REPUBLIKA.CO.ID, JAKARTA -- Jaksa Agung Sanitiar Burhanuddin pada Selasa (19/4/2022), mengumumkan empat tersangka dugaan tindak pidana korupsi dalam pemberian fasilitas ekspor crude palm oil (CPO) dan turunannya selama periode Januari 2021 hingga Maret 2022. Keempat tersangka tersebut adalah Dirjen Perdagangan Luar Negeri Kemendag Indrasari Wisnu Wardhana, Komisaris PT Wilmar Nabati Indonesia Parulian Tumanggor, General Manager PT Musim Mas Togar Sitanggang, serta Senior Manager Corporate Affairs PT Permata Hijau Stanle MA.
Petani sawit Indonesia di bawah naungan organisasi Serikat Petani Kelapa Sawit (SPKS) mendukung upaya Kejaksaan Agung mengusut kasus mafia minyak. Sekjen SPKS Mansuetus Darto menjelaskan, petani sawit sebagai penghasil sawit Indonesia yang mengelola 6,7 juta hektare selama merasa dirugikan kebijakan pemerintah. Pasalnya, petani sawit sebagai penghasil atau produsen malah ikut merasakan harga minyak goreng yang tinggi.

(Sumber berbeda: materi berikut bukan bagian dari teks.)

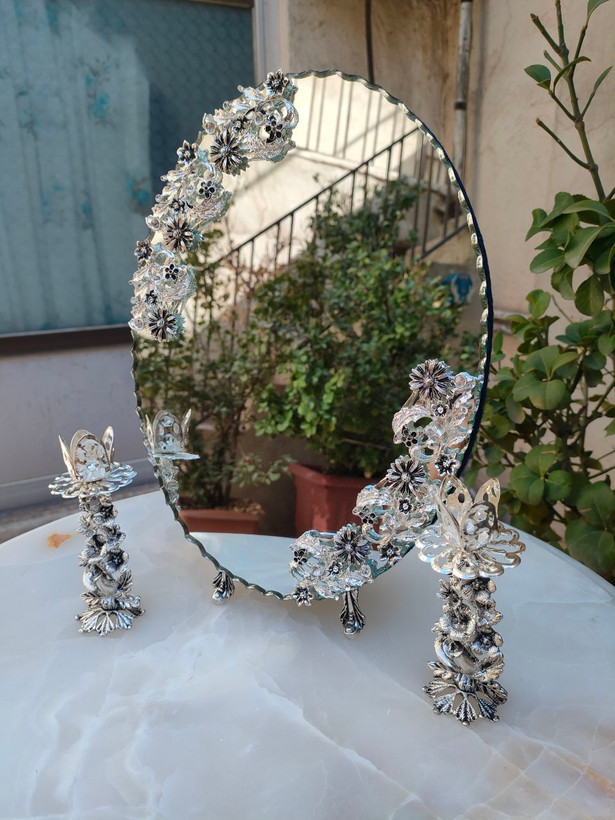 آیینه و شمعدان هفت سین و بله برون ، اینه گل آفتابگردان روکش نقره

"Selain itu, mafia minyak goreng ini telah mencoreng promosi perdagangan minyak sawit Indonesia dalam aspek sustainability sebab ketiga perusahaan tersebut adalah anggota dari roundtable on sustainable palm oil, sebuah lembaga sertifikasi minyak sawit berkelanjutan dunia," kata Mansuetus dalam siaran di Jakarta, Kamis (21/4/2022).
Dia menyebut, tiga tersangka dari perusahaan sawit itu merupakan penguasa hulu hingga hilir. Sayangnya, kata Mansuetus, negara tidak memiliki industri pengolahan minyak goreng hingga sangat tergantung kepada mereka. "Dengan begitu, mereka memiliki kekuatan dan dapat menciptakan instabilitas politik, ekonomi dan keamanan. Kartelisasi ini, semestinya dievaluasi secara menyeluruh oleh pemerintah pada level kebijakan termasuk program Biodiesel (B30) yang dimonopoli oleh perusahaan yang hampir sama," ujarnya.

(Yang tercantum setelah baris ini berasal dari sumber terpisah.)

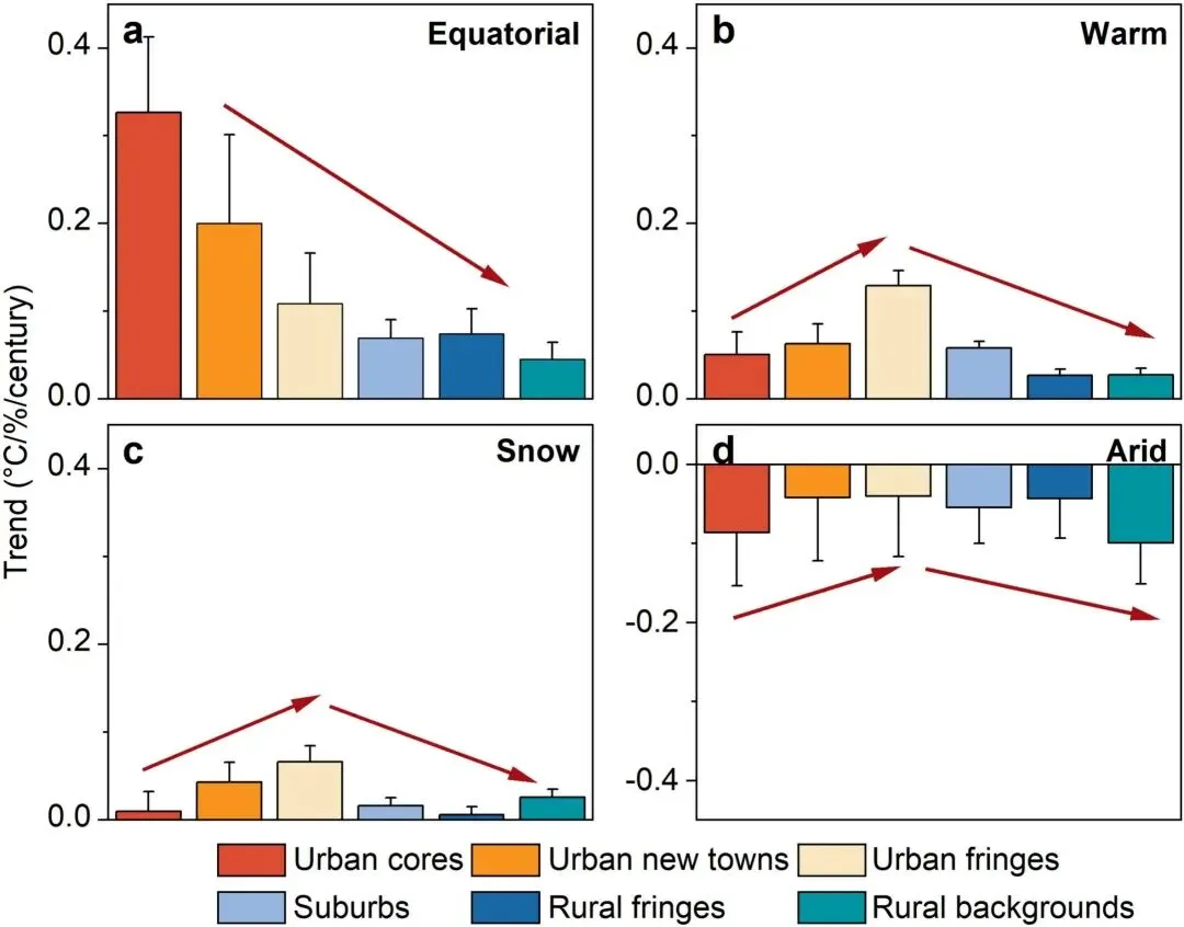 在不同气候区中,这种趋势又表现出明显差异。温暖区和雪气候区总体也呈倒 V 型,且各梯度 CE 趋势均为正值;赤道区则表现为从城市到乡村逐渐下降的近线性格局,平均值达到 0.13 ± 0.05 °C/%/century;最特殊的是干旱区,其各梯度 CE 趋势整体为负,平均为 −0.06 ± 0.06 °C/%/century。这一结果非常关键,因为它表明:并不是所有地区的树木降温能力都在增强,水分受限环境下反而可能持续减弱。

Selama ini, kata Mansuetus, pemerintah cenderung membiarkan perusahaan pengolahan (refinery) memproduksi minyak goreng dengan mengacu harga internasional. Akibatnya harga minyak goreng sangat tinggi, dan perusahaan kerap menerapkan harga yang tidak wajar di pasar. "Ketika pemerintah menerapkan kewajiban pemenuhan pasar dalam negeri (domestic market obligation/DMO), perusahaan Indonesia mestinya mendukung upaya ini, sebagai langkah perbaikan tata niaga," kata Mansuetus.
Selama kebijakan pengendalian pasar tersebut berlaku justru terjadi kelangkaan minyak goreng di tingkat pengecer. Baik di pasar ritel moderen maupun tradisional. Padahal, sambung dia, kebijakan tersebut didukung dengan pemberian subsidi kepada produsen minyak goreng. Menyerah dengan kebijakan tersebut, Mansuetus melanjutkan, pemerintah malah menyerahkan ke pelaku usaha untuk menetapkan harga berdasarkan nilai keekonomian. "Akibatnya sampai hari ini, kita merasakan harga minyak goreng yang sangat tinggi," kata Mansuetus.